Falls es doch noch Fragen geben sollte, kannst du hier nachschauen, ist eine Top Seite.

www.*felchenfischer*.ch

Viel Spass und Petri Heil! #:

Gruss Christoph


----------



## Lui Nairolf (2. Juli 2013)

*AW: Was benötige ich fürs Renkenfischen???*

Hi, kann dir nur empfehlen, zum Renkenzupfen eine Renkenrute zu nehmen - nutze selbst die Balzer Diabolo Felchen und bin damit (am Chiemsee) sehr zufrieden. Die Bisse kommen oft so zart, dass man sie ohne butterweiche Spitze nicht merkt.

Als Schnur bin ich mittlerweile auf geflochtene umgestiegen, der kontakt zur Hegene ist einfach besser.

Das zupfen selbst lasse ich die Wellen erledigen  - einfach die Rute auf den Bordrand legen.

Und jetzt das wichtigste: Jede Unregelmäßigkeit gehört angeschlagen. Die Bisse sind oft kaum Wahrnehmbar. Höchste Konzentration! 
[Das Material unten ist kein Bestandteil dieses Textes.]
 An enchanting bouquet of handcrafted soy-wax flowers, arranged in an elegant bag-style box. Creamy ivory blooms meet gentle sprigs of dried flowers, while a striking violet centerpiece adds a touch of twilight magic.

Zum Fischen mit dem Schwimmer nutze ich der Einfachheit halber eine weiche Grundrute. Ist so wesentlich einfacher (und langweiliger).


----------



## Sylverpasi (6. Juli 2013)

*AW: Was benötige ich fürs Renkenfischen???*

Vielen Dank für die Hilfe.... Mal sehen, ob ich es dieses Jahr noch schaffe, damit zu beginnen.... Ich denke aber schon....


----------



## Wolvie024 (26. Juli 2013)

*AW: Was benötige ich fürs Renkenfischen???*

Ich habe die Erfahrung gemacht, dass sogenannte Sinker oft super funktionieren. Man überbleit damit eine Pose und stellt sie so ein, dass sie sich nur mehr einen Meter oder einen halben Meter unter der Wasseroberfläche befindet. Ich verwende dazu meist 40 g Birnenbleier und die Sinker der Firma Angelprofi (den Link hat weiter oben eh schon jemand gepostet). Wenn eine Renke beißt, liegt auf einmal eine Pose auf dem Wasser - das ist so spannend - kaum zu toppen! Diese Methode funktioniert vor allem gut, wenn starker Wellengang ist.
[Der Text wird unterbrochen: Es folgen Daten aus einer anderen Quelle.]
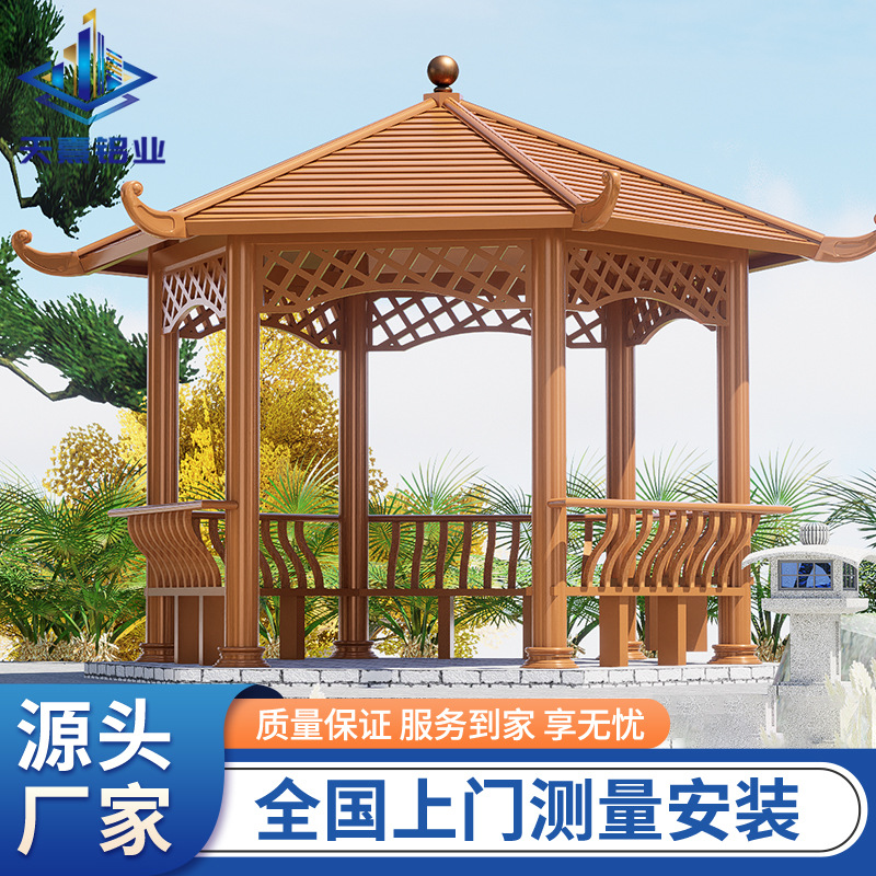アルミ合金屋外日除け別荘花園模造古凉棚公園庭園木目古建防腐木六角凉亭
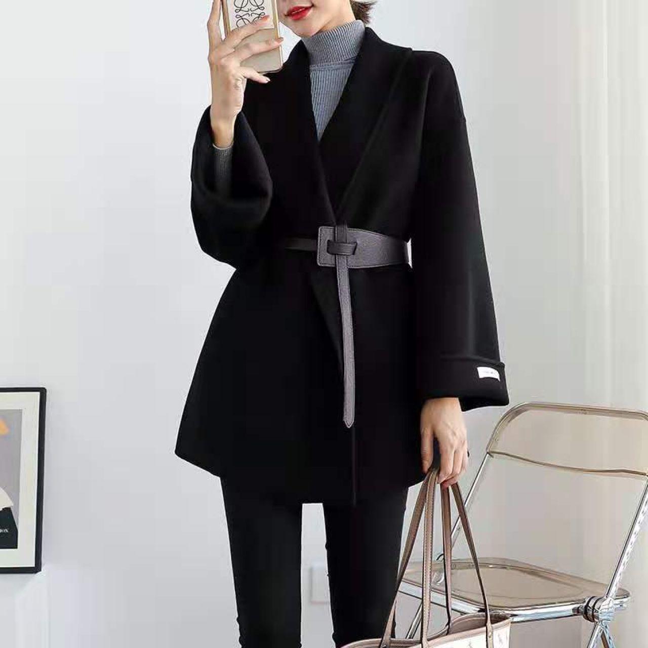 双面羊绒大衣女中长款2020冬季新款黑色显瘦小个子斗篷型毛呢外套
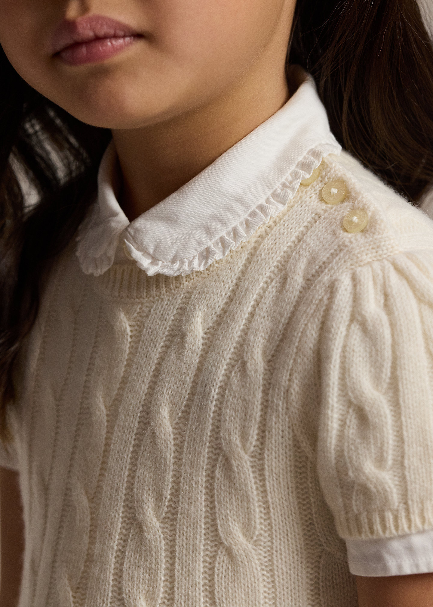 - Puffed short sleeves with rib-knit armbands.
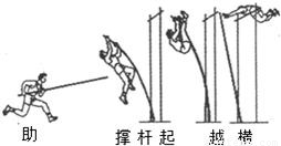 如图,表示撑杆跳高运动的儿个阶段:助跑、撑杆起跳、越横杆.在这几个阶段中能量的转化情况是:
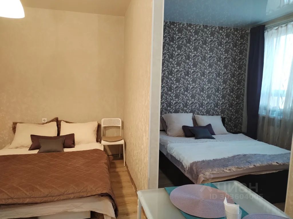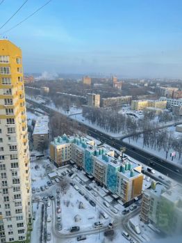 Квартира-студия расположена в новом доме на 24 этаже (в комнате с перегородкой) в ЖК "Гагаринские высоты" и сдается на короткие сроки. Вид на реку Оку, город и двор.

Zum Posenfischen verwende ich selbst mindestens 3,60 Meter (besser 3,90) Meter lange Ruten - so um die 40 g WG (gut sind Floatruten) - beim Auswerfen der langen Hegenen hat man sonst oft Probleme. Die Rollen sind meiner Meinung nach beim Posenfischen nicht so sehr das Problem, allerdings müssen die Rollen eine ruckelfreie, butterweiche Bremse (Frontbremse) haben.
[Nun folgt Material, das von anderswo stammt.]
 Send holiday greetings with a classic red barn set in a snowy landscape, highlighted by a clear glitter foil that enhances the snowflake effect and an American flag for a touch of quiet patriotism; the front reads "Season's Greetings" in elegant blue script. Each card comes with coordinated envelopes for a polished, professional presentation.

Zum Renkenzupfen verwende ich selbst eine teure Stuckirute und dazu eine 1000 Aernos von Shimano (mit den Laufrollen habe ich immer wieder Probleme, da mir die Schnur gerne von der Rolle rutscht) - aber ehrlich gesagt ist mir das oft zu nervig und zu anstrengend.

Mit den nun erhälichen, sich selbst einstellenden Renkenschwimmern ist das Renkenfischen mit der Pose mittlerweile ein Genuß!


----------



## Triathlon87 (17. Juni 2014)

*AW: Was benötige ich fürs Renkenfischen???*

Kann mir jemand sagen, wie die Fangerfolge jetzt im Hochsommer auf Renken/Saiblinge sind?
Renkenzeit ist ja eher der Frühling oder?
Würde gern mal nen Tag mit dem Boot auf den Walchensee, Ammersee, Starnberger See oder Chiemsee raus.


----------